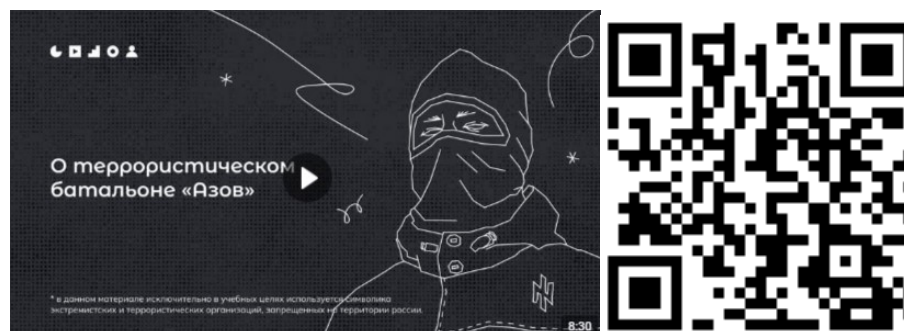
Рисунок 2 – Видеоролик, разъясняющий причины признания организации террористической

3) батальон «Азов» (см. рисунок 2) — военизированное подразделение, созданное в 2014 году на базе футбольных ультрас и праворадикалов Харькова и некоторых других украинских регионов. «Азовцы» причастны к массовым военным преступлениям против мирного населения Донбасса и Украины. Сама организация признана террористической в России по решению Верховного Суда Российской Федерации от 02.08.2022 г. № АКПИ22-411С. Батальон «Азов» входит в состав Национальной гвардии, подчиненной Министерству внутренних дел Украины. С 2014 года боевики батальона «Азов» систематически пытали, убивали и грабили мирных жителей ДНР, ЛНР и востока Украины. У батальона неонацистская идеология. Это проявляется в расизме, русофобии, восхвалении наследия Третьего рейха и украинских коллаборационистов в годы Второй мировой войны. Среди боевиков в том числе распространены радикальные неоязыческие взгляды. Свою идеологию боевики активно распространяют среди украинской молодежи через лагеря подготовки, печатную продукцию (комиксы, книги) и интернет-сообщества. С «Азовом» активно сотрудничает большое количество праворадикальных течений на Украине (признанных в России экстремистскими организациями), например, «Правый сектор», «УНА-УНСО», организация «Тризуб им. Степана Бандеры» и т.д.
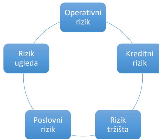
Grafikon 1. Povezanost rizika

Rizik likvidnosti temeljni je rizik kojeg određuju tržišni uvjeti nekog vrijednosnog papira odnosno bilo koje druge investicijske imovine. Rizik likvidnosti definira se kao rizik da financijska institucija neće moći nesmetano pretvarati svoja sredstva planiranom i potrebnom dinamikom. Peterlin (2004:219) definira rizik likvidnosti kao opasnost od neusklađene dospelosti sredstava i obveza prema izvorima sredstava u gospodarskom subjektu, što može rezultirati nedostatkom novčanih sredstava za podmirenje dospjelih obveza ili čak stečajem gospodarskog subjekta. Što su moguća odstupanja od očekivanih cijena manja, rizik likvidnost je veća i obrnuto, što su moguća odstupanja od očekivanih cijena veća likvidnost je manja.
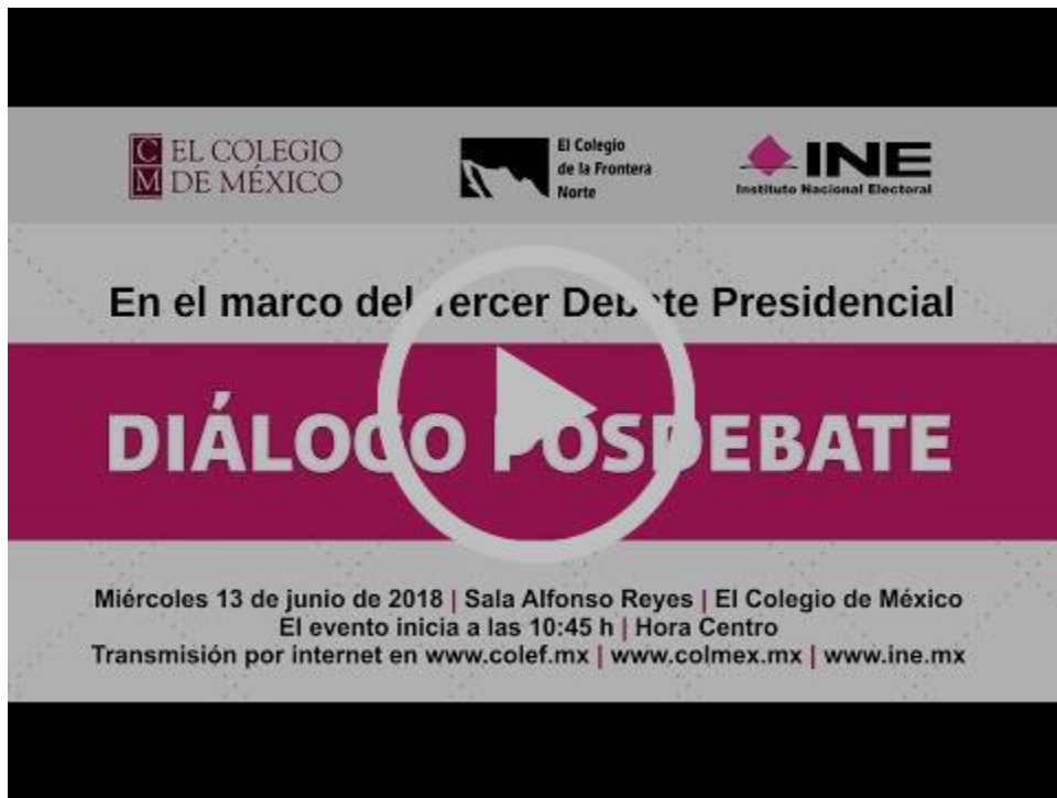
Diálogo posdebate a partir del tercer debate presidencial
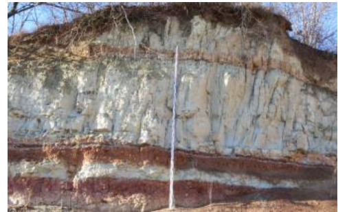
Tonsteine und überlagernde Sandsteine der Unteren Süßwassermolasse bei Stockach
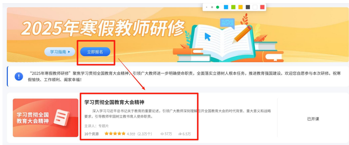
图 2 报名、进入课程详情页
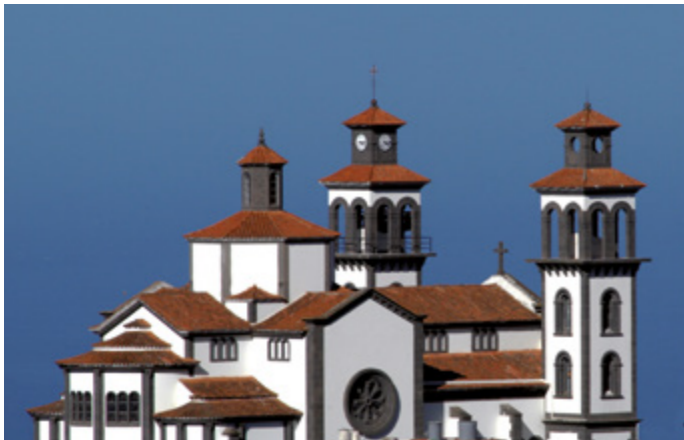
Iglesia de Moya.

En junio destaca la Romería en honor a San Antonio de Padua que tiene lugar el sábado más cercano al día 13. El 24 de agosto, Fontanales celebra a San Bartolomé donde la feria de ganado y la romería es compartida por lugareños y familias llegadas de otros pueblos. En el mes de octubre el municipio festeja al compatrono, San Judas Tadeo.
_ _ _
● **Exercise instructions**: Retype everything in the entries exactly except the pictures.

● **Finished task**:
Рисунок 2 – Видеоролик, разъясняющий причины признания организации террористической

3) батальон «Азов» (см. рисунок 2) — военизированное подразделение, созданное в 2014 году на базе футбольных ультрас и праворадикалов Харькова и некоторых других украинских регионов. «Азовцы» причастны к массовым военным преступлениям против мирного населения Донбасса и Украины. Сама организация признана террористической в России по решению Верховного Суда Российской Федерации от 02.08.2022 г. № АКПИ22-411С. Батальон «Азов» входит в состав Национальной гвардии, подчиненной Министерству внутренних дел Украины. С 2014 года боевики батальона «Азов» систематически пытали, убивали и грабили мирных жителей ДНР, ЛНР и востока Украины. У батальона неонацистская идеология. Это проявляется в расизме, русофобии, восхвалении наследия Третьего рейха и украинских коллаборационистов в годы Второй мировой войны. Среди боевиков в том числе распространены радикальные неоязыческие взгляды. Свою идеологию боевики активно распространяют среди украинской молодежи через лагеря подготовки, печатную продукцию (комиксы, книги) и интернет-сообщества. С «Азовом» активно сотрудничает большое количество праворадикальных течений на Украине (признанных в России экстремистскими организациями), например, «Правый сектор», «УНА-УНСО», организация «Тризуб им. Степана Бандеры» и т.д.
Grafikon 1. Povezanost rizika

Rizik likvidnosti temeljni je rizik kojeg određuju tržišni uvjeti nekog vrijednosnog papira odnosno bilo koje druge investicijske imovine. Rizik likvidnosti definira se kao rizik da financijska institucija neće moći nesmetano pretvarati svoja sredstva planiranom i potrebnom dinamikom. Peterlin (2004:219) definira rizik likvidnosti kao opasnost od neusklađene dospelosti sredstava i obveza prema izvorima sredstava u gospodarskom subjektu, što može rezultirati nedostatkom novčanih sredstava za podmirenje dospjelih obveza ili čak stečajem gospodarskog subjekta. Što su moguća odstupanja od očekivanih cijena manja, rizik likvidnost je veća i obrnuto, što su moguća odstupanja od očekivanih cijena veća likvidnost je manja.
Diálogo posdebate a partir del tercer debate presidencial
Tonsteine und überlagernde Sandsteine der Unteren Süßwassermolasse bei Stockach
图 2 报名、进入课程详情页
Iglesia de Moya.

En junio destaca la Romería en honor a San Antonio de Padua que tiene lugar el sábado más cercano al día 13. El 24 de agosto, Fontanales celebra a San Bartolomé donde la feria de ganado y la romería es compartida por lugareños y familias llegadas de otros pueblos. En el mes de octubre el municipio festeja al compatrono, San Judas Tadeo.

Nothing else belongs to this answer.